Andrew Turner
- Born: 24 March 1993 (age 32) London, England
- Height: 6 ft 1 in (1.85 m)
- Weight: 198 lb (90 kg)

Rugby union career
- Position(s): Lock Wing Scrum-half

Senior career
- Years: Team / Apps / (Points)
- 2012–2014: Gordon RFC / 11 / (0)
- 2015–2016: London Scottish F.C. / 5 / (5)
- Correct as of April 24, 2019

International career
- Years: Team / Apps / (Points)
- 2017: United States / 1 / (0)
- Correct as of April 24, 2019

= Andrew Turner (rugby union, born 1993) =

US international rugby union player

Andrew Turner (born March 24, 1993) is a London, England-born rugby union player who has played for the United States men's national team.

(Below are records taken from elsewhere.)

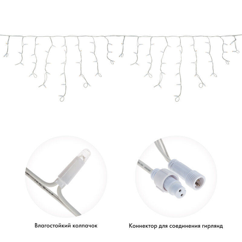 Гирлянда занавес бахрома LED NEON-NIGHT Айсикл уличная постоянное свечение теплый белый 4*0,6 м 255-226
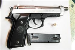 臺灣一男子因停車糾紛遭人開槍,子彈從左側(cè)臉頰射入,彈頭卡在右下牙床上,與死神擦身而過,圖為警方起出嫌犯作案用的改造手槍及1顆彈殼。
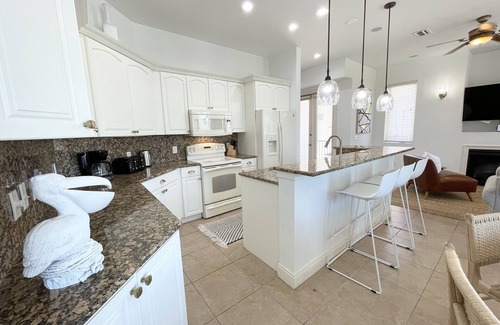 Our 4-bd, 4-bth house w/ in home elevator in Laguna Beach on the calm west end of Panama City Beach, FL. Close to the scenic 30A district, located on a quiet St, just steps from sugar-white sand beaches! 2 tw bunk bds, 1 full bd w/ on Suite bth & king bd w/ on Suite bth on the 1st flr. The 2nd level has open kitchen, dining, livingrm w/ 55” TV, fireplace, bonus Den w/ 50” TV. Full laundry room complete the 2nd level. The owner suite and on suite bth on the top floor. BBQ on livingrm balcony.
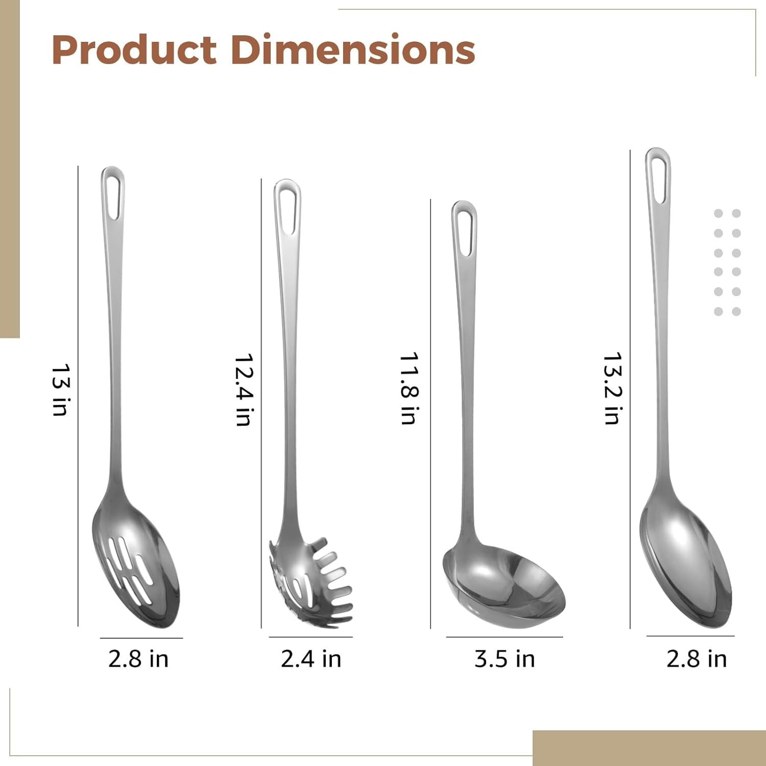 - Package Includes: 1 x Ladle, 1 x Solid Serving Spoon, 1 x Slotted Serving Spoon, 1 x Pasta Server
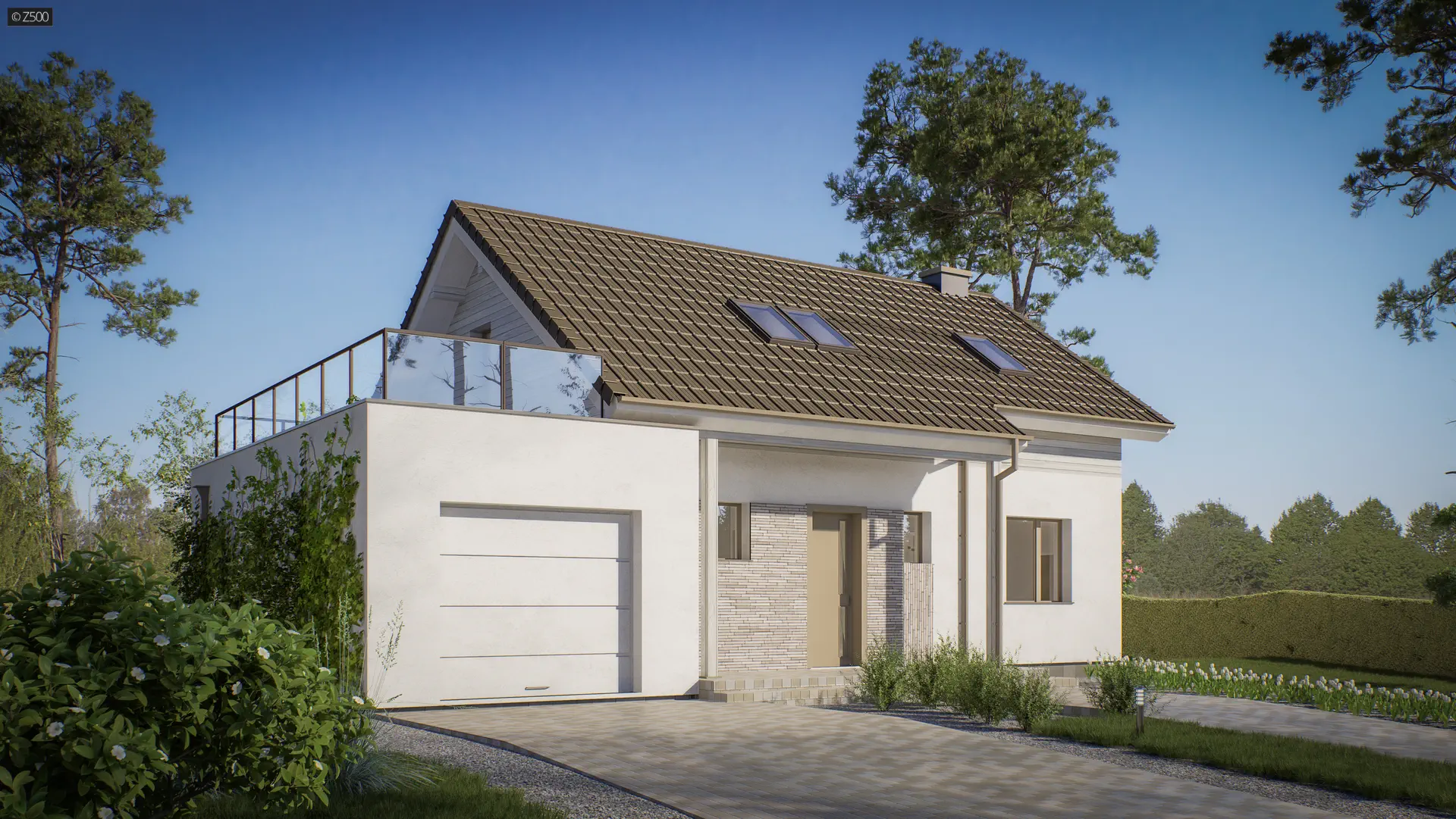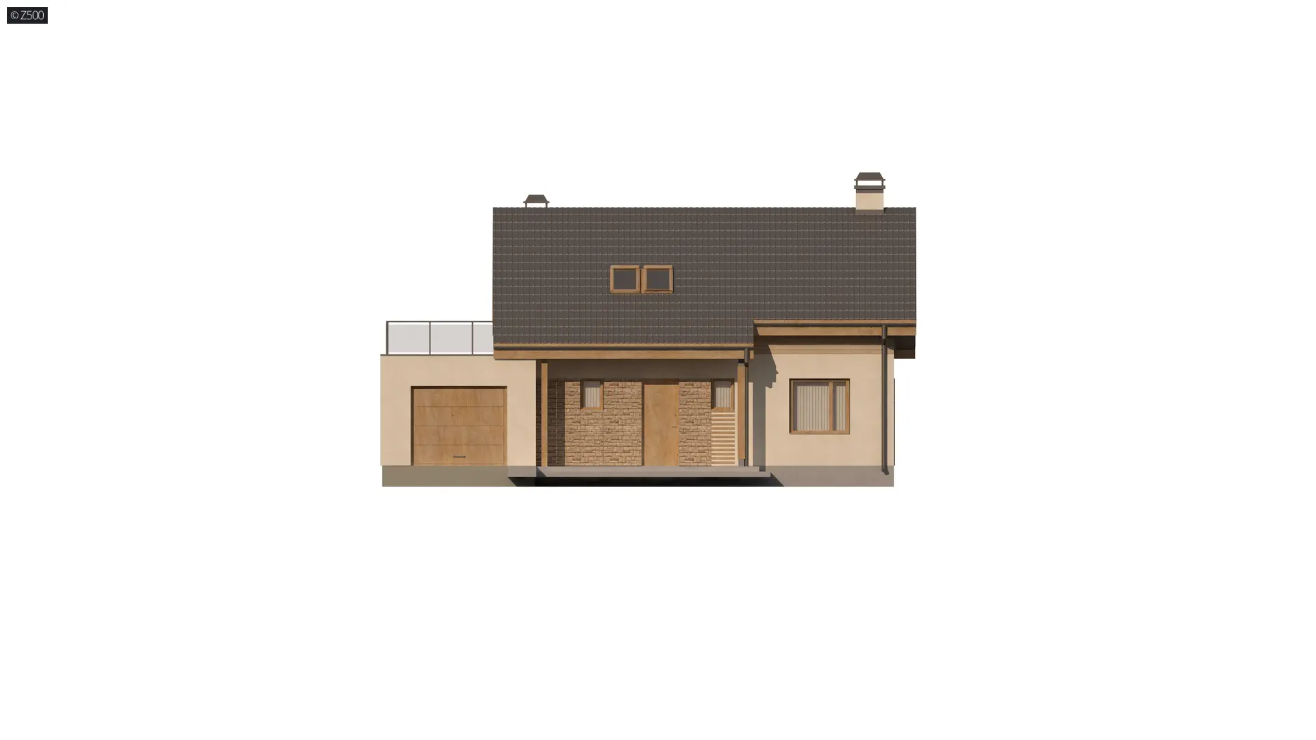 Wariant projektu Z210 z garażem jednostanowiskowym i kotłownią z lewej strony oraz tarasem nad. Powiększona kuchnia, dodatkowe pomieszczenie gospodarcze na parterze-pralnia.

Turner has also previously played for Gordon RFC and London Scottish FC.

==Club career==
===Gordon===
Turner made his debut for Gordon RFC on April 6, 2013, starting at lock, in a 28–11 defeat to Manly. Over the course of the 2013 and 2014 Shute Shield seasons, Turner made eleven total appearances for the club, starting in five matches; he did not score during his tenure with the club.

===London Scottish===
Turner made his debut for London Scottish FC on September 4, 2015, starting at wing, in a 23–19 defeat to Moseley in the RFU Championship. During the 2015–16 British and Irish Cup, Turner made three total appearances for the club; he scored one try during the competition. During the 2015–16 RFU Championship season, Turner made two total appearances for the club; he did not score in either match. After the 2015–16 season, Turner did not rejoin the club.

==International career==
===USA Eagles===
Turner was first named to the roster for the USA Eagles ahead of the 2017 Americas Rugby Championship. Turner made his debut for the Eagles on February 25, 2017, appearing as a substitute and playing at scrum-half, in a 57–9 victory against Chile. As of April 2019, this is the only appearance that he has made for the Eagles.